Triwulan I, Defisit Transaksi Berjalan Membaik

Klik untuk perbesar
Bank Indonesia. (Foto: Net)

RMco.id  Rakyat Merdeka - Bank Indonesia (BI) mencatat defisit neraca transaksi berjalan pada triwulan I-2019 membaik. Kondisi ini menopang ketahanan perekonomian Indonesia.

Direktur Eksekutif Departemen Komunikasi BI Onny Widjanarko mengatakan, defisit neraca transaksi berjalan pada triwulan I sebesar 7,0 miliar dolar AS atau 2,6 persen dari Produk Domestik Bruto (PDB). Jumlah ini lebih rendah dibandingkan dengan defisit pada triwulan sebelumnya yang mencapai 9,2 miliar dolar AS atau 3,6 persen dari PDB.

“Penurunan defisit neraca transaksi berjalan terutama didukung oleh peningkatan surplus neraca perdagangan barang sejalan dengan peningkatan surplus neraca perdagangan nonmigas dan perbaikan defisit neraca perdagangan migas,” ujarnya di Jakarta, Jumat (10/5).

Menurut dia, hal tersebut dipengaruhi oleh penurunan impor yang lebih dalam dibandingkan penurunan ekspor. Ini sejalan dengan kebijakan pemerintah untuk melakukan pengendalian impor beberapa komoditas tertentu yang diterapkan sejak akhir 2018.

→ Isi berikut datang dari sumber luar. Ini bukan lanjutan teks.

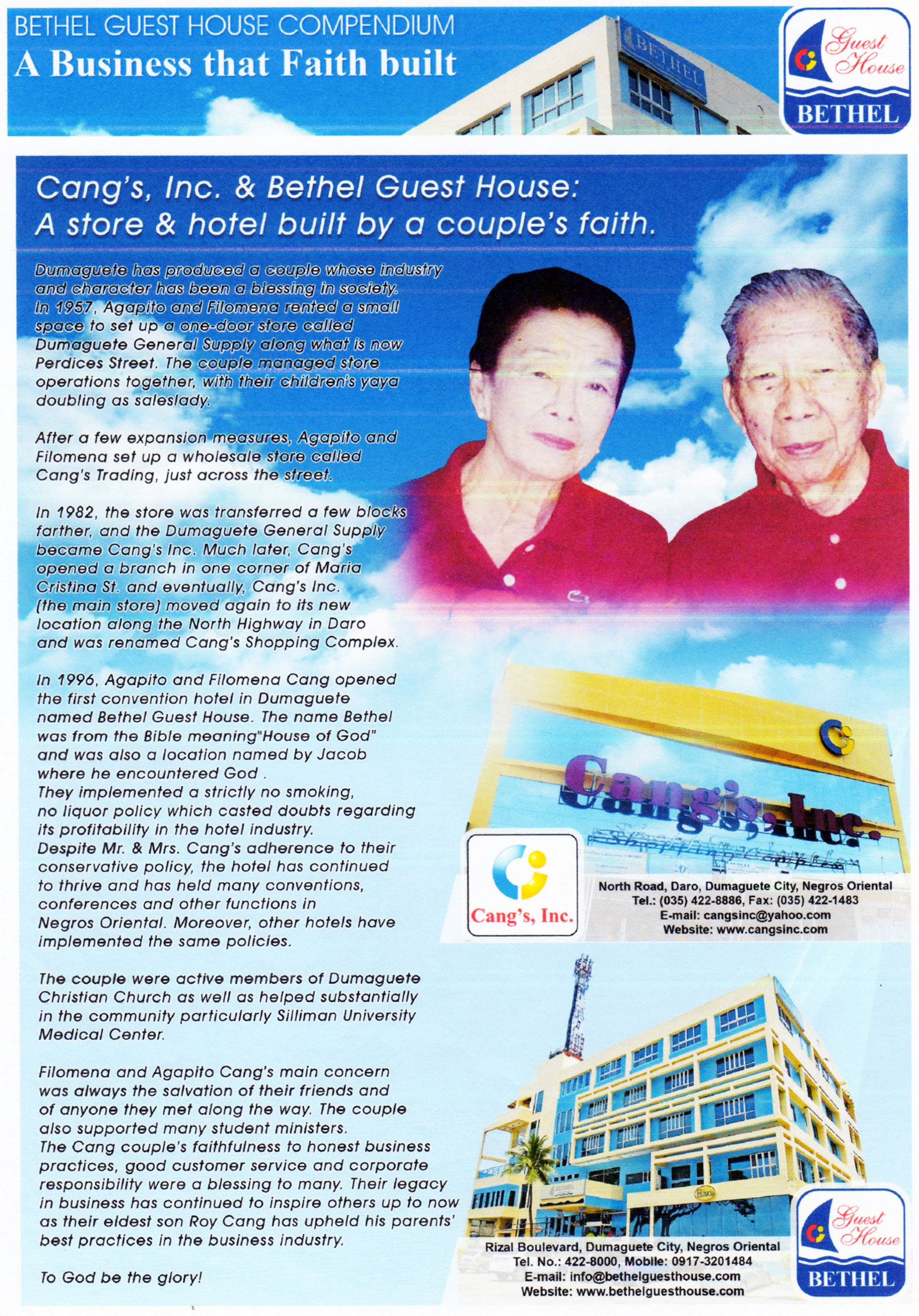 Filomena and Agapito Cang's main concern was always the salvation of their friends and of anyone they met along the way. The couple also supported many students ministers. The Cang's couple faithfulness to honest business practices, good customer service and corporate responsibility were a blessing to many. Their legacy in business has continued to inspire others up to now as their eldest son Roy Cang has upheld his parents' best practice in business industry.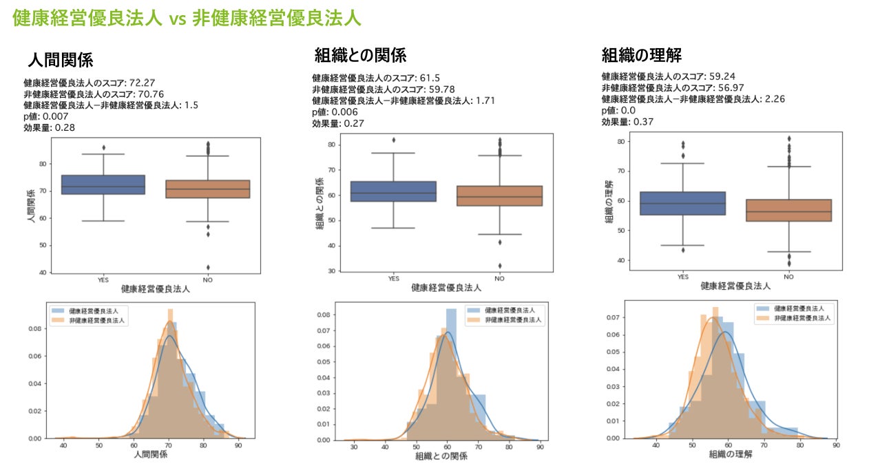 - 健康経営優良法人か否かの2群で分析した結果、全ての項目に対して健康経営優良法人の方がスコアが高い

Berita Terkait : 10 Hari di Indonesia, Wartawan Afrika Cerita Pengalamannya


Sementara itu, defisit neraca jasa mengalami peningkatan karena penurunan surplus jasa perjalanan (travel). Hal ini disebabkan menurunnya jumlah kunjungan wisatawan mancanegara yang menurun sesuai dengan pola musimannya, di tengah impor jasa pengangkutan barang (freight) yang menurun.

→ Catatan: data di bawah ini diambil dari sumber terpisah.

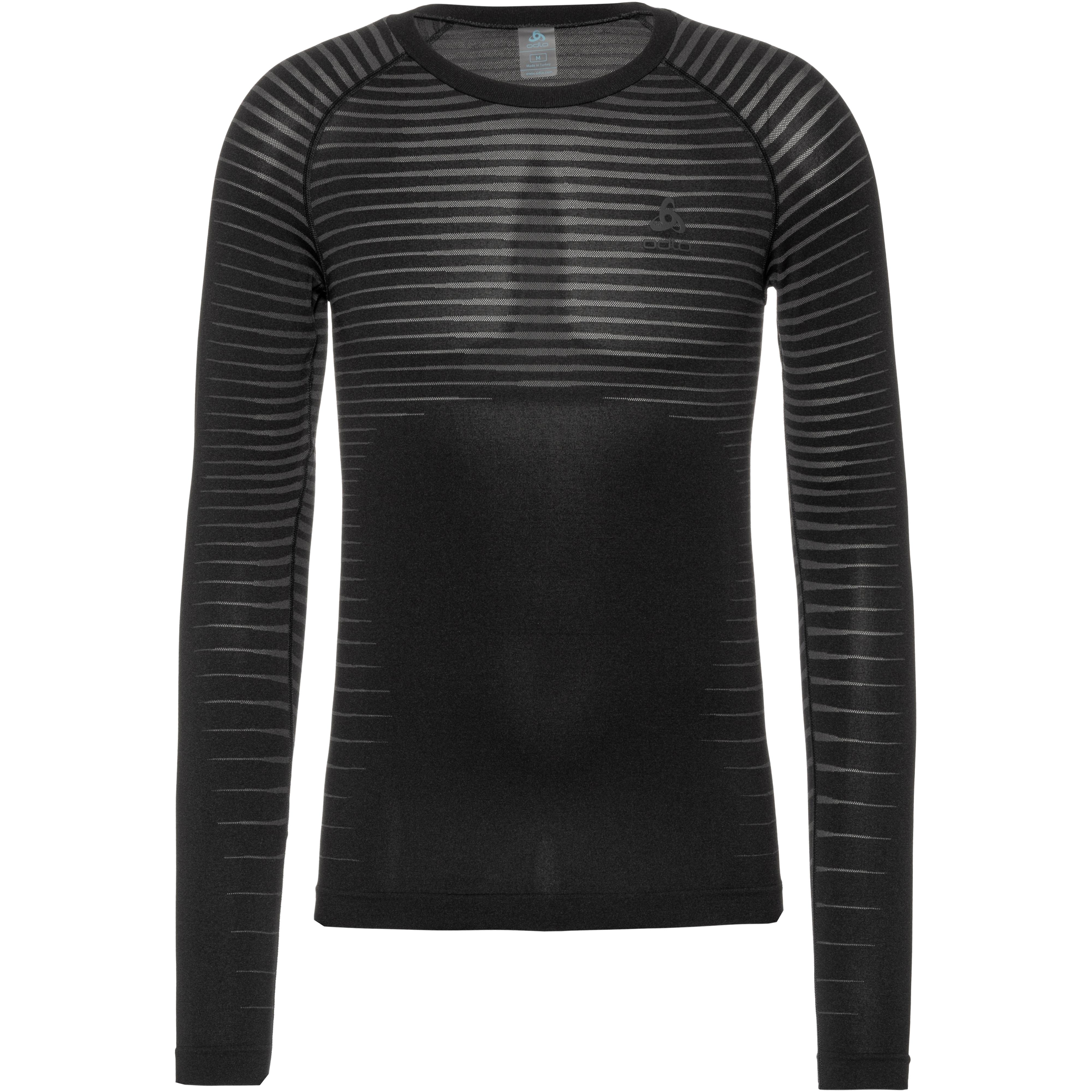 Odlo PERFORMANCE LIGHT. Nach Oeko-Tex® Standard produziertes Langarmshirt im nahezu nahtlosem Design für optimale Bewegungsfreiheit; schnelltrocknend; atmungsaktiv; gerippter Rundhalsausschnitt; bewegungsfreundliche Raglanärmel; elastischer Ärmel- und Saumabschluss; Flachnähte; Fair hergestellt; Logo-Detail; Material 63% Polyester, 33% Polyamid, 4% Elastan.
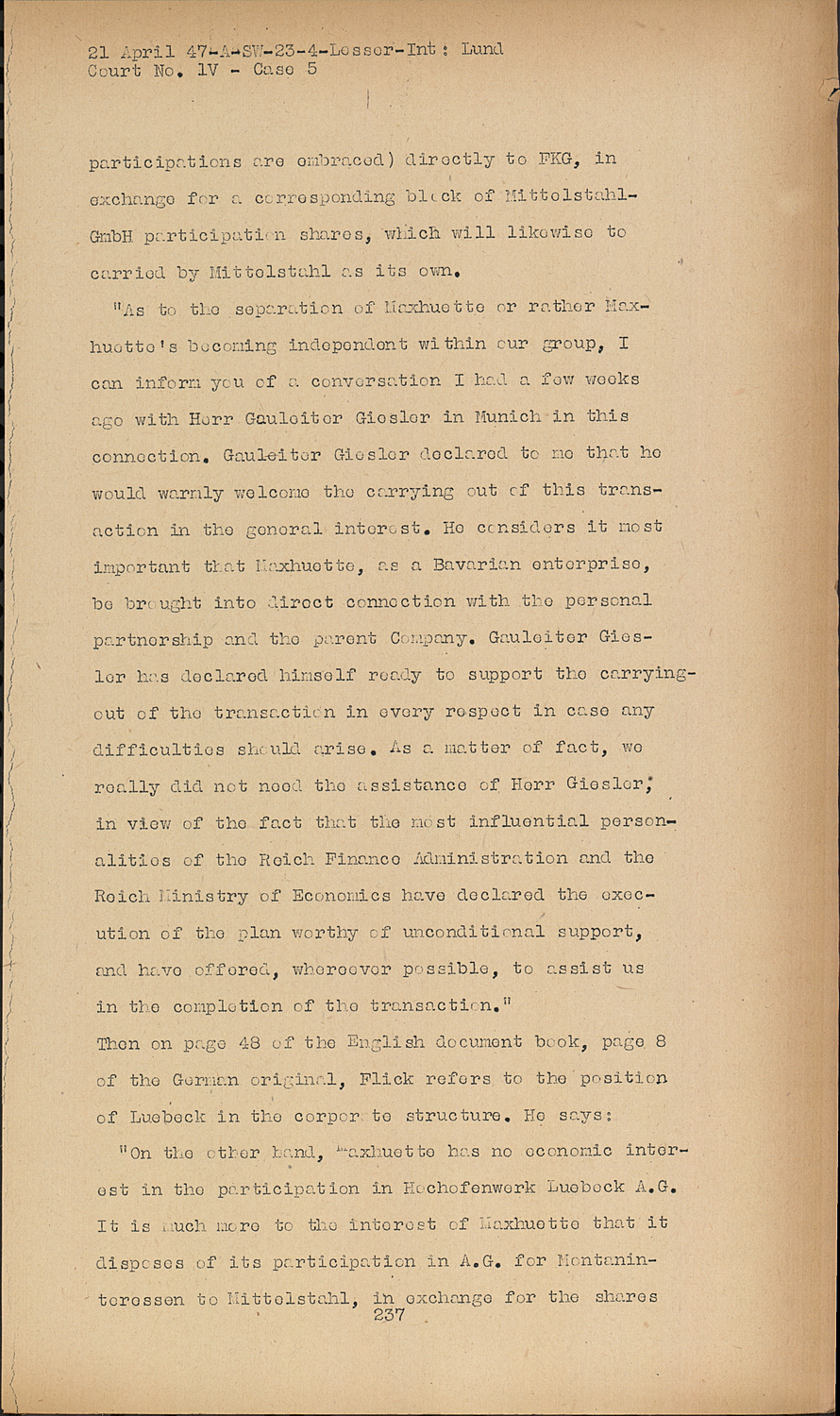 "As to the separation of Maxhuette or rather Maxhuette's becoming independent within our group, I can inform you of a conversation I had a few weeks ago with Herr Gauleiter Giesler in Munich in this connection. Gauleiter Giesler declared to me that he would warmly welcome the carrying out of this transaction in the general interest. He considers it most important that Maxhuette, as a Bavarian enterprise, be brought into direct connection with the personal partnership and the parent Company. Gauleiter Giesler has declared himself ready to support the carryingout of the transaction in every respect in case any difficulties should arise. As a matter of fact, we really did not need the assistance of Herr Giesler; in view of the fact that the most influential personalities of the Reich Finance Administration and the Reich Ministry of Economics have declared the execution of the plan worthy of unconditional support, and have offered, whereever possible, to assist us in the completion of the transaction." Then on page 43 of the English document book, page 8 of the German original, Flick refers to the position of Luebeck in the corporate structure. He says: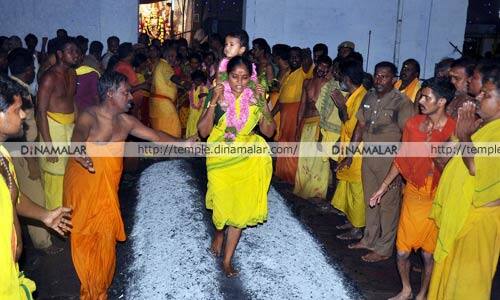 ஈரோடு: கள்ளுக்கடை மேடு கொண்டத்து பத்ரகாளியம்மன் கோவில் குண்டம் திருவிழாவில், ஆயிரக்கணக்கான பக்தர்கள் குண்டம் இறங்கி நேர்த்திக்கடன் செலுத்தினர். ஈரோடு, கள்ளுக்கடை மேடு கொண்டத்து பத்ரகாளியம்மன் கோவில் குண்டம் திருவிழா கடந்த பிப். 19ல் பூச்சாட்டுதலுடன் தொடங்கி, கொடியேற்றம், பால்குடம் ஊர்வலம், வெகுவிமர்சியாக நடந்தது. விழாவின் முக்கிய நிகழ்வான குண்டம் இறங்கும் நிகழ்ச்சி நேற்று அதிகாலை தொடங்கியது. கடந்த, 15 நாட்களாக, காப்புகட்டி, மஞ்சள் ஆடை உடுத்தி, விரதம் கடைபிடித்து வந்த பக்தர்கள், மூன்று நாட்களுக்கு முன்பாகவே குண்டம் இறங்கும் வரிசையில் காத்திருந்தனர். நேற்று அதிகாலை, 5 மணிக்கு, கோவில் பூசாரி முதலில் குண்டம் இறங்கினார். அதன் பின்னர் பக்தர்கள் ஒருவர் பின் ஒருவராக குண்டம் இறங்கினர். கோவிலில் காப்பு கட்டி பதிவு செய்திருந்த, 10 ஆயிரம் பேருக்கு மேல் குண்டம் இறங்கி நேர்த்திக் கடன் செலுத்தினர். ஆண்கள், பெண்கள், திருநங்கைகள் என பலரும் கை குழந்தைகளுடன் ஓம் சக்தி, பராசக்தி என கோஷமிட்டபடியே, குண்டத்தில் இறங்கி ஓடினர். தொடர்ந்து மாவிளக்கு ஊர்வலம், பொங்கல் வைத்தல், இரவு உற்சவர் புறப்பாடு நிகழ்ச்சி நடந்தது. போலீஸ் பாதுகாப்பு போடப்பட்டிருந்தது. தீயணைப்பு துறையினர், மருத்துவ குழுவினர், பாதுகாப்பு பணியில் இருந்தனர்.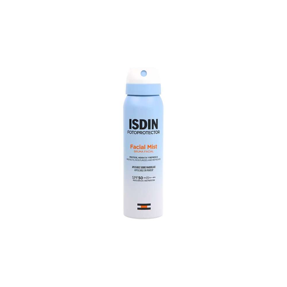 Protege, hidrata y refresca tu piel con Facial Mist SPF 50, el fotoprotector facial que se pulveriza en forma de bruma facial invisible y ultrafina. Aporta una alta protección frente a la radiación UVB/UVA y la luz azul, hidrata en profundidad y ayuda a restaurar la barrera cutánea. ¡Ideal para usar sobre el maquillaje!

Menurut dia, transaksi modal dan finansial pada triwulan I juga mencatat surplus yang cukup tinggi. Kondisi ini mencerminkan optimisme investor terhadap prospek perekonomian domestik.

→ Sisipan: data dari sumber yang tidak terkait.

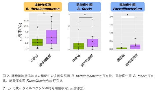 また、腸内フローラを調べた結果、酵母細胞壁を添加することにより、多糖分解菌であるB. thetaiotaomicronおよび、酢酸産生菌であるB. faecis、酪酸産生菌であるFaecalibacteriumの存在比が有意に増加しました(図2)。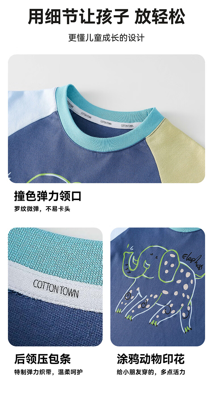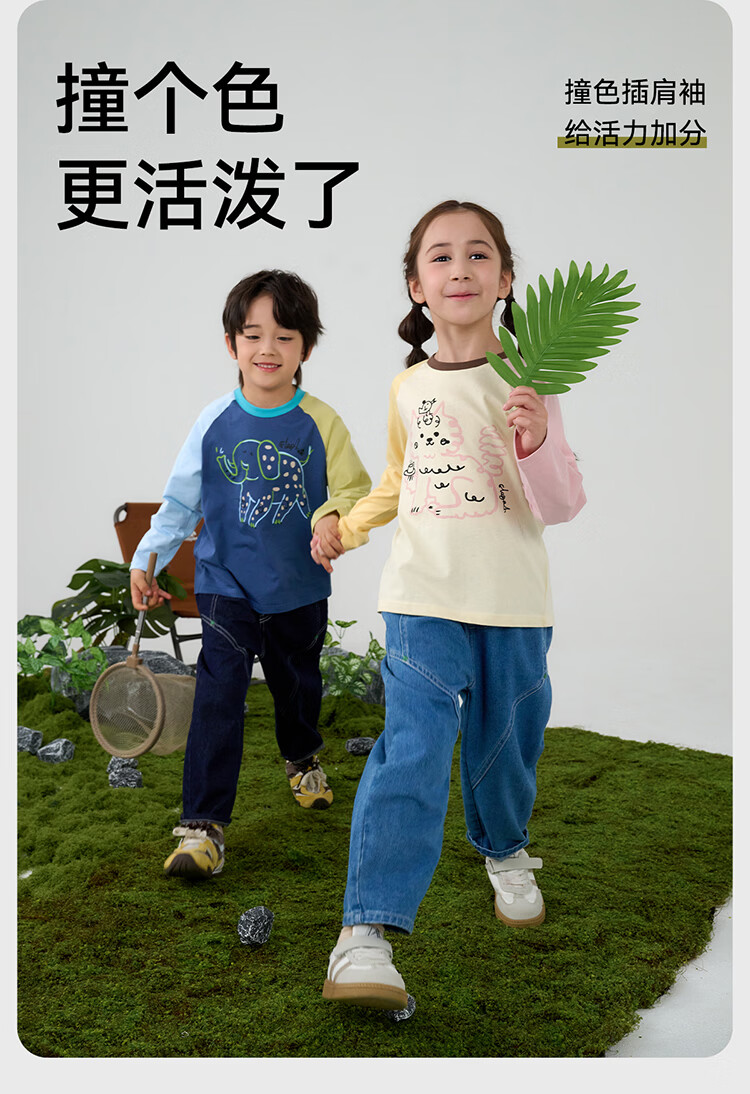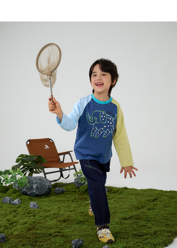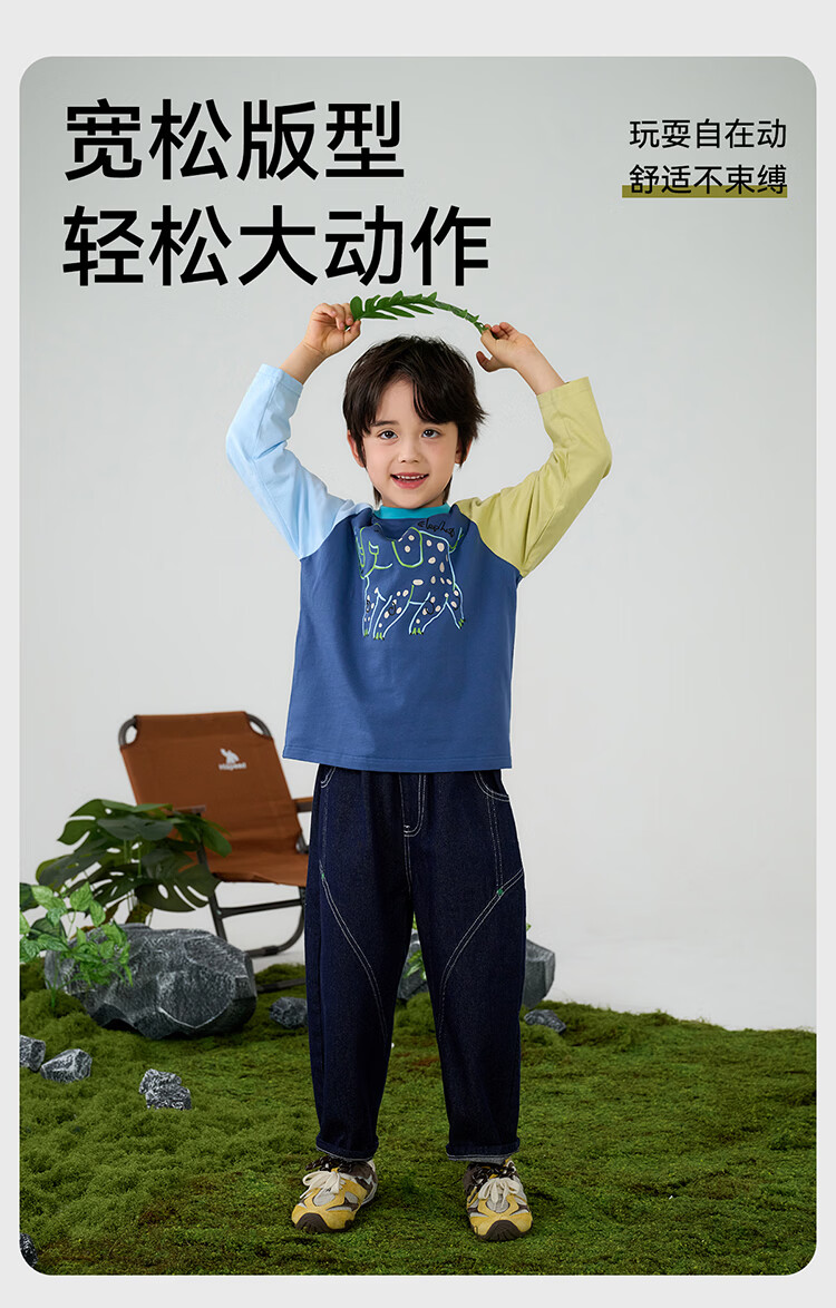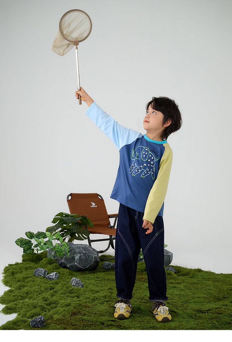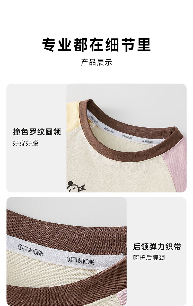 棉花堂【100%棉】童装儿童t恤纯棉男童女童长袖打底衫上衣百搭 米白 140

“Surplus transaksi modal dan finansial pada triwulan I tercatat sebesar 10,1 miliar dolar AS, terutama ditopang oleh aliran masuk investasi langsung yang cukup tinggi. Hal tersebut mencerminkan persepsi positif investor terhadap perekonomian Indonesia,” katanya.

Selain itu, lanjut Onny, berkurangnya risiko ketidakpastian di pasar keuangan global turut menjadi faktor pendorong aliran masuk modal asing dalam bentuk investasi langsung dan investasi portofolio. Surplus transaksi modal dan finansial pada triwulan I tercatat lebih rendah dibandingkan dengan surplus pada triwulan sebelumnya.

Berita Terkait : Sandra Dewi Pernah Alami Janin Tak Berkembang

“Ini sejalan dengan adanya pembayaran obligasi global pemerintah yang jatuh tempo,” paparnya.


Secara keseluruhan, Neraca Pembayaran Indonesia (NPI) pada triwulan I mencatat surplus seiring dengan defisit transaksi berjalan yang membaik dan surplus transaksi modal dan finansial yang cukup tinggi. Surplus NPI pada triwulan I tercatat sebesar 2,4 miliar dolar AS.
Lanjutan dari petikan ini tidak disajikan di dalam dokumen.